Thirty zone II cadaveric flexor digitorum profundus tendon lacerations (index, middle, and ring digits) were randomized to three different tendon repair techniques (3-0 Modified Kessler, 3-0 locked Cruciate 4-strand, or Teno Fix) performed in situ by a single surgeon. Mechanical behavior of each repair was studied under cyclic load in an attempt to simulate in vivo forces during active motion. The specimens were excised and initially cycled in tension, under load control, between 5 N and 25 N for 8000 cycles at 2 Hz. The peak load increased by 10 N and specimen cycled for an additional 4000 cycles. This 10 N increase was repeated every 4000 cycles to 65 N for a total of 24,000 cycles. If the specimen did not fail by final load step of 65 N and 24,000 cycles, it was loaded in displacement control, at a rate of .2 mm/second until failure. Displacement at the repair site was monitored using a Differential Variable Reluctance Transducer gage (Microstrain, Burlington, Vt), and gap formation was recorded using serial digital photography. Failure was defined as repair rupture or 4-mm gap displacement. Cycles to failure were recorded and weighted by the load step at which the specimen was cycling at failure (N-cycles).

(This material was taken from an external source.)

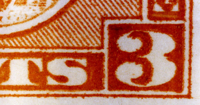 Interestingly, this stamp also shows a slight re-entry of the left vertical frameline that is not present on the earlier states. |

The 3-0 locked cruciate 4-strand repair demonstrated a significant increase in N-cycles to failure when compared with either of the other two suture repairs (P=.018). The cruciate repair exhibited increased resistance to 1-mm gap (16,200 cycles) compared with the Kessler (7200 cycles) or the Teno Fix (6000 cycles) (P=.003). Differential Variable Reluctance Transducer analysis demonstrated less displacement of the cruciate repair at 35 N and 45 N load steps when compared with the two other repairs (P<.01).

Inadequate initial repair strength leads to separation of flexor tendon repairs under the stress of cyclic loading, thus increasing the chance for failure. The Teno Fix implant previously demonstrated promising laboratory and clinical results in range of motion and decreased rupture rates, and may lead to improvements over conventional suture techniques. In this high force cyclical loading protocol, however, neither the Teno Fix nor the Kessler repair conferred mechanical advantages over a 3-0 locked cruciate 4-strand suture repair. The cyclic forces in this testing protocol exceed load demands of unresisted active motion protocols, but the information provided by protocol establishes safe boundaries for active motion rehabilitation of the Teno Fix device.